The fourth part included the design of an advanced flow injection system for the determination of mefenamic acid in pharmaceutical preparations (Ponstidin, Ponstan, Mefril) and aqueous solutions. The proposed method for mefenamic acid determination using continuous flow injection relied on the reaction of the spectrophotometric reagent neocuproine with chromium (VI) in the presence of mefenamic acid in an acidic medium to form the colored chromium (III)-neocuproine complex (yellow-green). The absorbance of the formed colored complex was measured at the maximum wavelength of 430 nm.
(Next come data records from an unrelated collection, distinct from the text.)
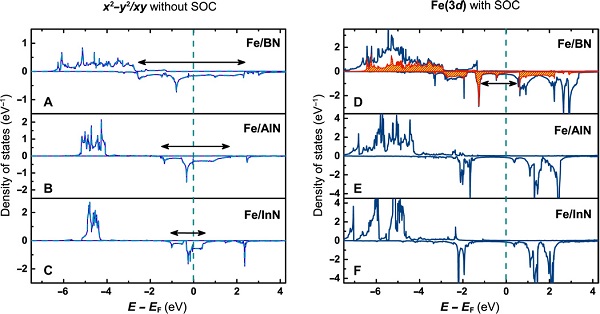 图3:BN,AlN和InN上的1ML Fe电子结构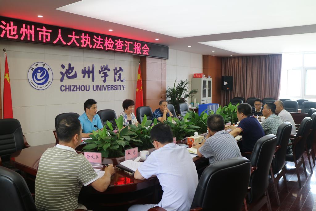 柳友荣代表学校对检查组的到来表示欢迎和感谢。他表示,近年来在省委、省政府的正确领导下,在省人大的监督支持下,学校教育工作始终坚持以习近平新时代中国特色社会主义思想为指导,以立德树人为宗旨,以建设特色鲜明的应用型大学为目标,不断加大投入、深化改革,促进了学校各项事业持续快速健康发展。学校坚定扎根池州、服务安徽的办学理念,为服务池州经济社会发展做出了应有的贡献。柳友荣从落实党委领导下的校长负责制、人才培养质量、服务社会经济发展、教师队伍建设、考试招生制度改革、推进“放管服”改革,扩大办学自主权等方面汇报了学校贯彻落实《高等教育法》的基本情况,并介绍了学校在改革发展中面临的困难和问题。
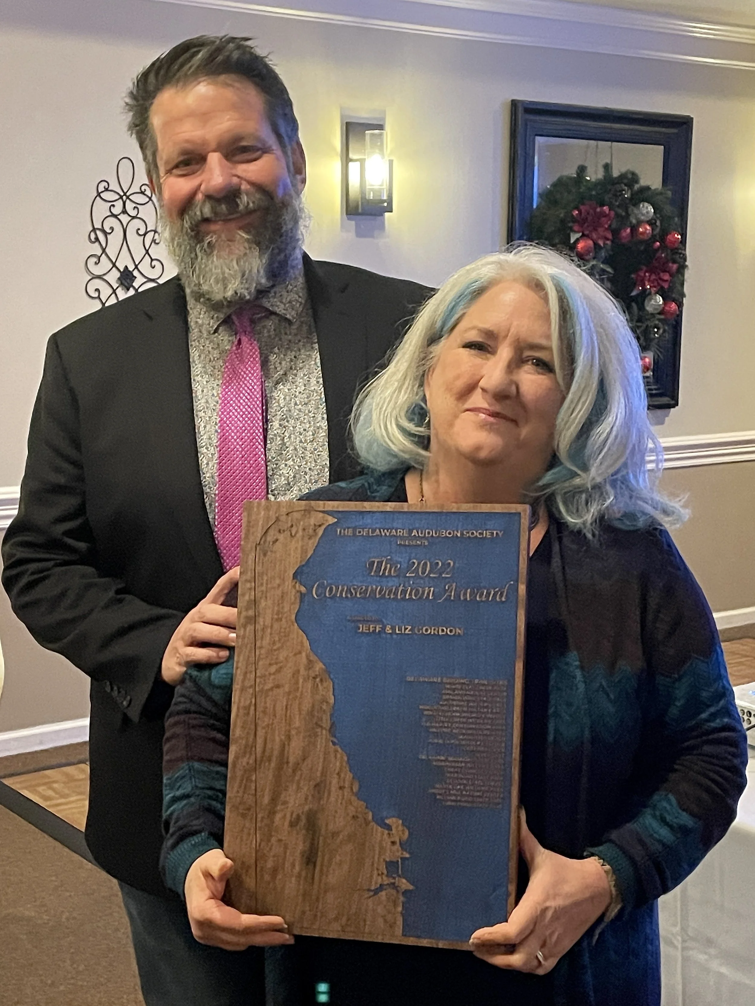 Delaware Audubon Society hosted its annual dinner on Saturday December 10th at Timothy’s in Wilmington and it was a huge success! Jeff and Liz Gordon were presented with Delaware Audubon’s 2022 Conservation Award.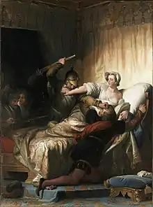 - Origen de la leyenda: Historiarum sui temporis (traducción al francés en 1659), del historiador Jacques Auguste de Thou, connu pour ses partis pris contre les Valois.[56] El famoso historiador Jules Michelet habría inventado que Margarita se hubiera prostituido con el asesino de Du Guast, el barón de Vitteaux, como forma de pago.[57]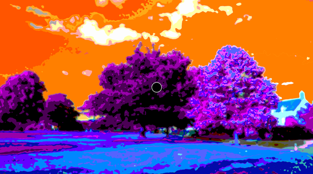 Спершу Стіл показує глядачам чорно-білий знімок сільської місцевості. Далі зображення "розфарбовується" в оранжевий, фіолетовий і блакитні кольори, а в центрі з'являється чорна точка. Фотограф просить дивитися на неї протягом 10 секунд. Коли на екрані з'являється первісний чорно-білий варіант фото, глядачеві здається, що він бачить кольоровий пейзаж.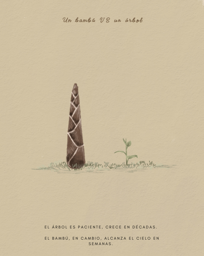 🎋 Bambú: Crece extremadamente rápido, algunas especies pueden crecer hasta 1 metro al día. Alcanza la madurez en 3 a 6 años.
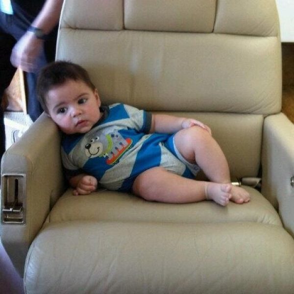 El pequeño Milan Piqué Mebarak muy cómodo en el asiento de un avión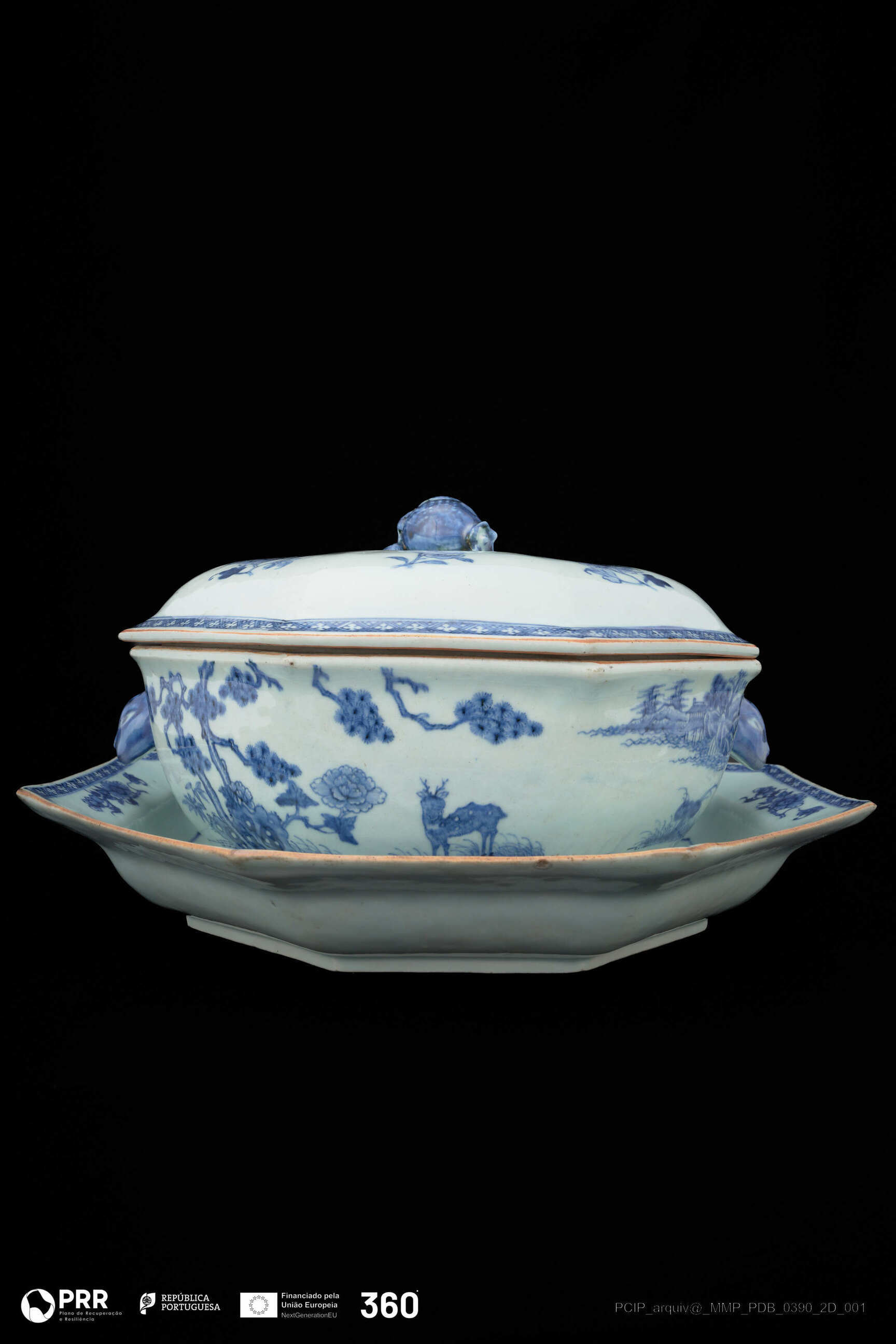 Matéria/Técnica: Desconhecida; Cronologia: Século XVIII; Autoria: Desconhecida; Dimensões (cm): Altura: Ter.: 19,2 Prato: 6,2; Largura: Ter.: 33,7; Diâmetro: Ter.: 28,4 Prato: 37,5.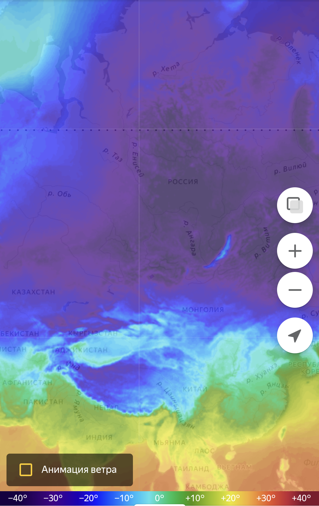 Россия это не только самая большая страна, но и самое большое фиолетовое пятно сверхнизкой температуры воздуха в зимний период.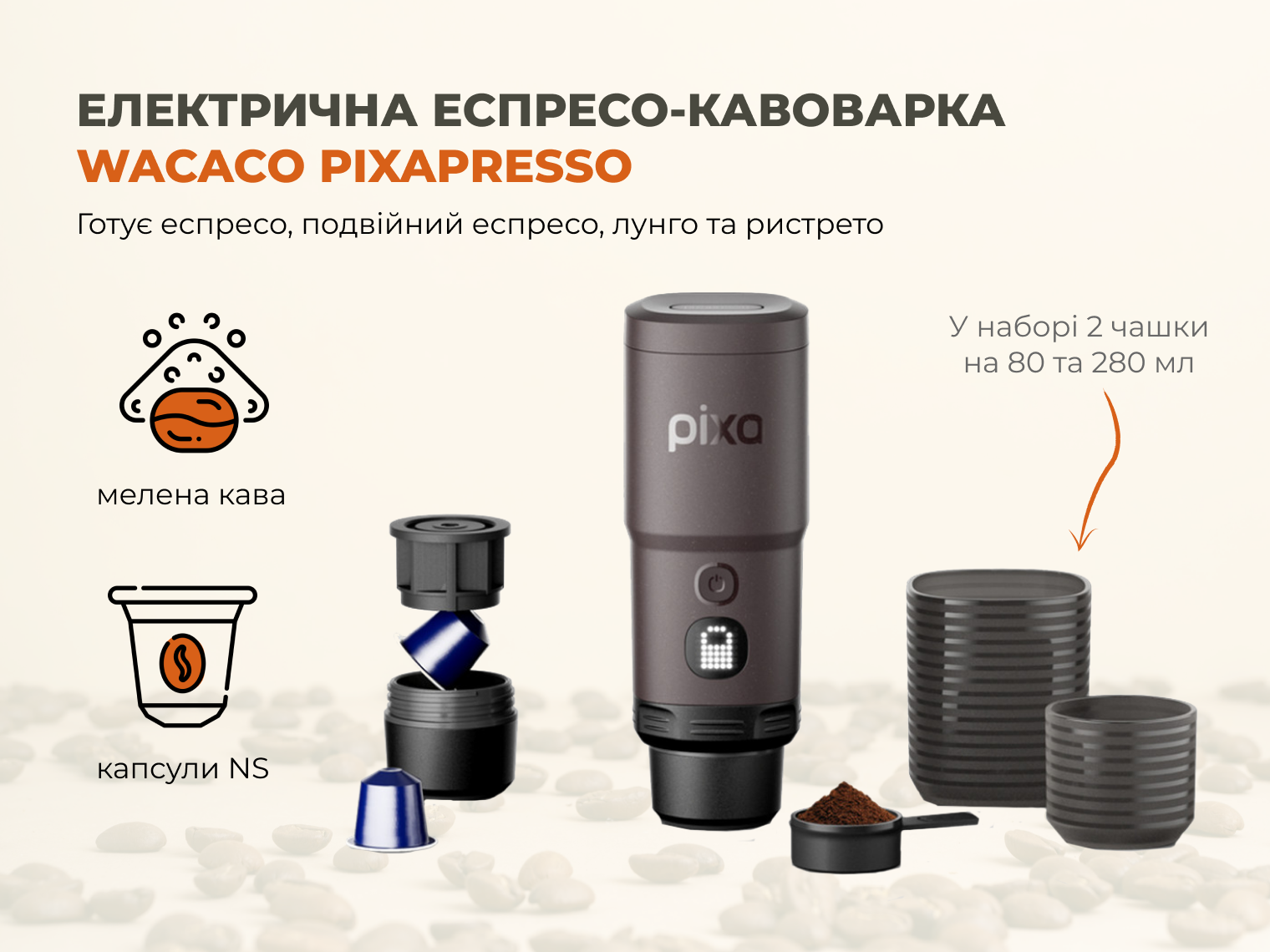 Wacaco Pixapresso — перша електрична еспресо-кавоварка від Wacaco. З її допомогою ви можете готувати улюблений гарячий напій, де б не знаходилися: вдома, на роботі, на пікніку або подорожі. Все, що вам потрібно, — улюблена кава, вода та не більше 5 хвилин часу!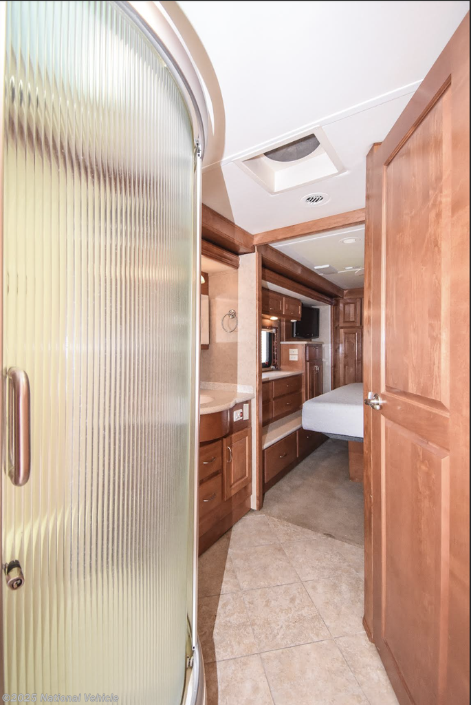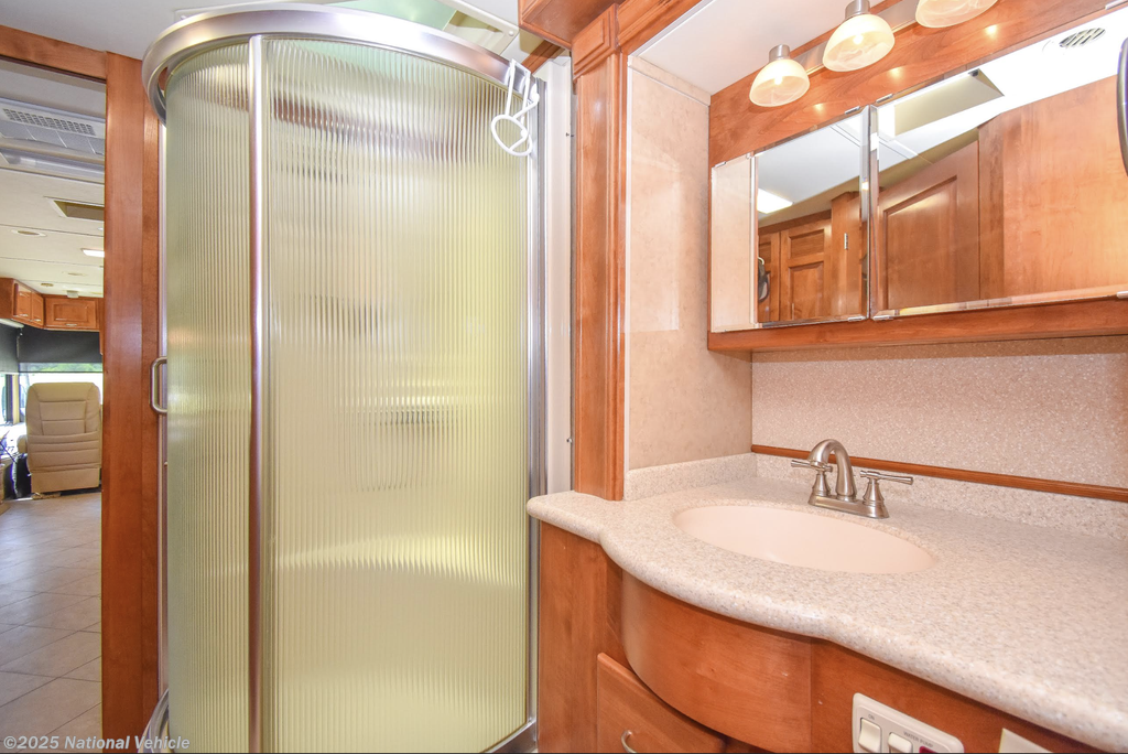 This coach features a bathroom complete with shower, toilet, and a sink with a medicine cabinet above for your convenience.

The favorable chemical and physical conditions for the proposed system were studied to achieve higher sensitivity, stability, and optimal design for the best response. Calibration curves exhibited linearity in the concentration range of 0.1-60.0 μg.2mL-1, with a linearity coefficient (R2) of 0.9998. The precision and accuracy of the continuous flow injection method were evaluated using five solutions of different concentrations, resulting in a relative standard deviation percentage between (0.4838% to 3.2680%) and a recovery percentage between (97.50% to 102.40%). Detection and quantification limits were found to be (0.1424 μg.mL-1) and (0.4274 μg.mL-1), respectively. The proposed method demonstrated good characteristics such as speed, sensitivity, and reliability, and it was successfully applied to aqueous solutions and pharmaceutical preparations, showing high sensitivity and accuracy in the determination process.